DOMINICAN REPUBLIC - Report 27 Oct 2015 by Pavel Isa and Fabricio Gomez

Economic activity continues to grow at a healthy clip, rising an estimated 7.1% in Q3 and 6.7% y/y, with accumulated January to September growth at 6.4%.

Inflation in September reached 0.16%; accumulated inflation for the first nine months of the year stood at 1.33%; and y/y inflation was 0.39%. This latter rate is well below the 2.84% registered in September 2014.

Monetary aggregates are stable. The Central Bank has put aggregates on a stable nominal growth path, with the main policy tool open market operations. As of September 30th, the weighted average lending rate had declined by 62 points, while the deposit rate had fallen by 122 points. This means that the increase seen in August did not mark a trend, but was a temporary rise. The currency also maintained a slight upward trend in September, rising from DOP 45.15 per dollar on the first day of open market operations, to DOP 45.31 at the end of the month.This contrasts with the near-fixed performance in August, when the currency barely devalued.

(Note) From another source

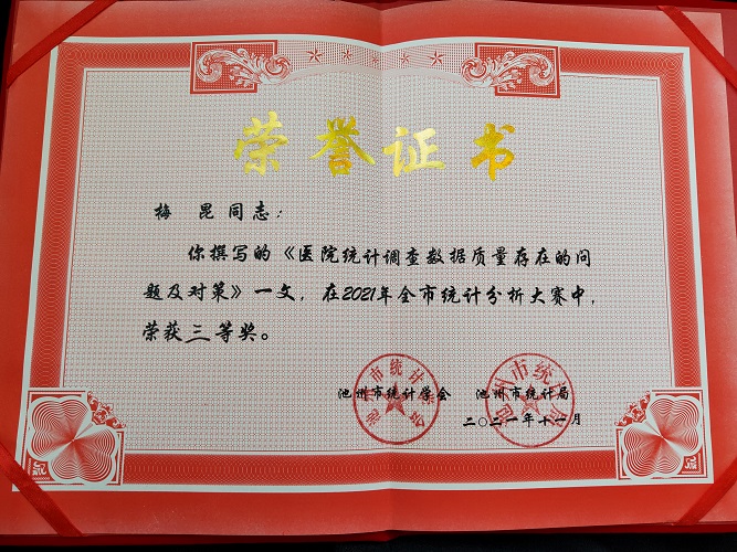 市三院梅昆獲2021年池州市統(tǒng)計(jì)分析大賽其他單位組三等獎(jiǎng)

The 2016 budget President Danilo Medina proposed to Congress is very similar to the 2015 approved budget, as if the president were purposely avoiding any change, or any increase to strengthen a particular policy. Creativity and innovation are glaringly absent. We expect Congress to approve this bill without significant changes.

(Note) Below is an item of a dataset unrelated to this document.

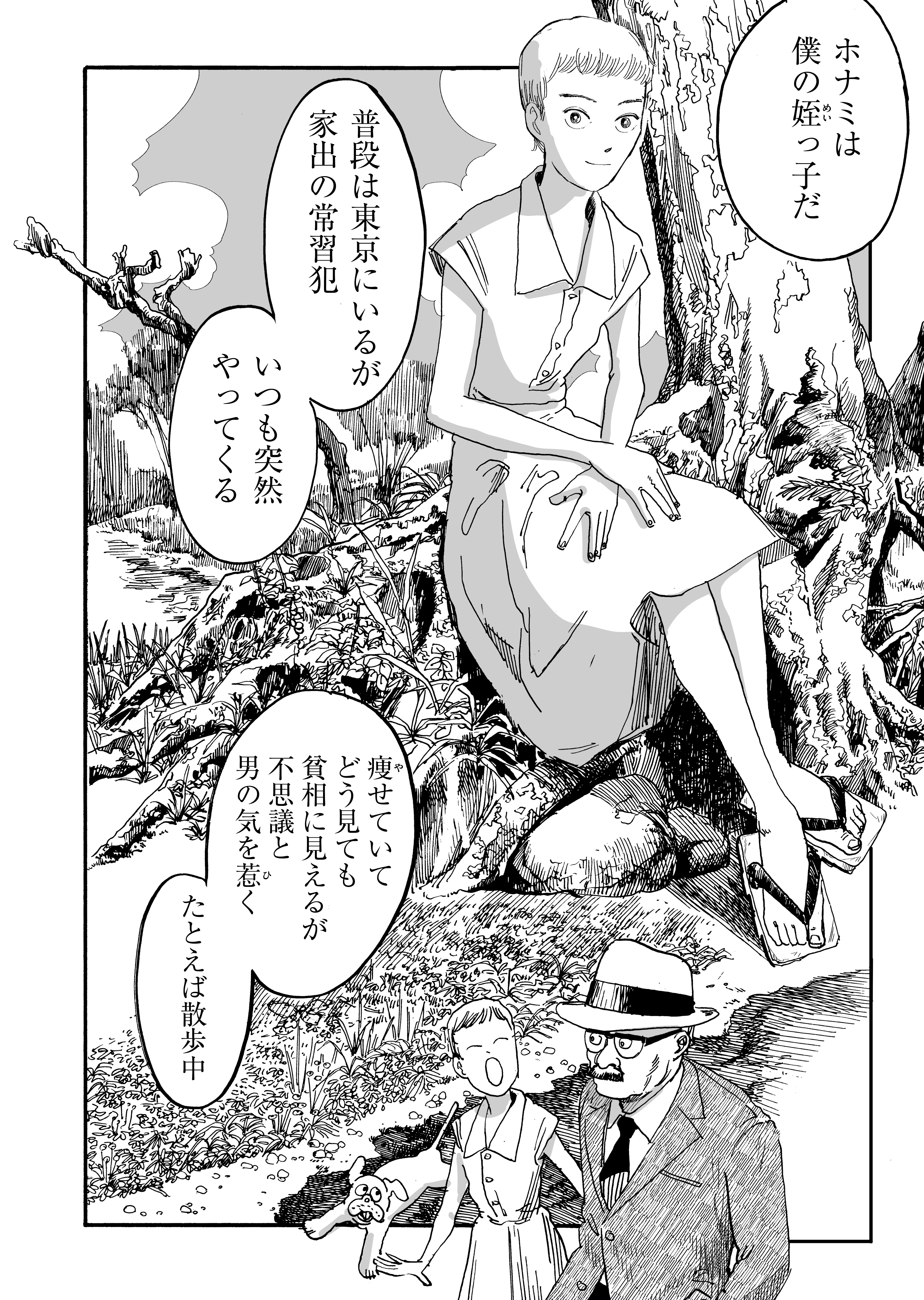 1992年、東京生まれ。2011年『幻燈』(北冬書房)にてデビュー。漫画雑誌『架空』の編集・執筆に関わる。2016年にはPIZZICATO ONE『わたくしの二十世紀』アナログ盤のジャケット・イラストを担当。また『貸本マンガ史研究』に水木しげるについての評論を執筆するなど、活躍は多岐にわたる。著書に『十代劇画作品集』(セミ書房)、『アントロポセンの犬泥棒』『電話・睡眠・音楽』(ともにリイド社)。

Projected revenues are up 7.7% from 2015, while spending is expected to rise 6.9%. The target deficit was set at DOP 75.9 billion, or 2.3% of GDP, roughly flat on 2015. Financial sources are proposed to total $3.67 billion. This is only 1.3% less than projected for 2015. Financial applications are estimated at $2.062 billion, vs. 2.223 billion this year. In net terms, the debt for the NFPS will increase by $1.607 billion, bringing total debt to over $25.5 billion, equivalent to 37.4% of GDP. Primary spending is proposed to increase by just 2%, and as a percentage of GDP, would decline from 14.8% to 14.4%.

The Haitian ban on imports over the border is already in effect, and is expected to affect both Haiti and the Dominican Republic significantly. About $487 million per year in average exports (2012-2014) were subject to the ban. This is equivalent to 41.7% of all Dominican exports to Haiti; to 5.8% of total exports to all destinations; and to 13% of imports from Haiti.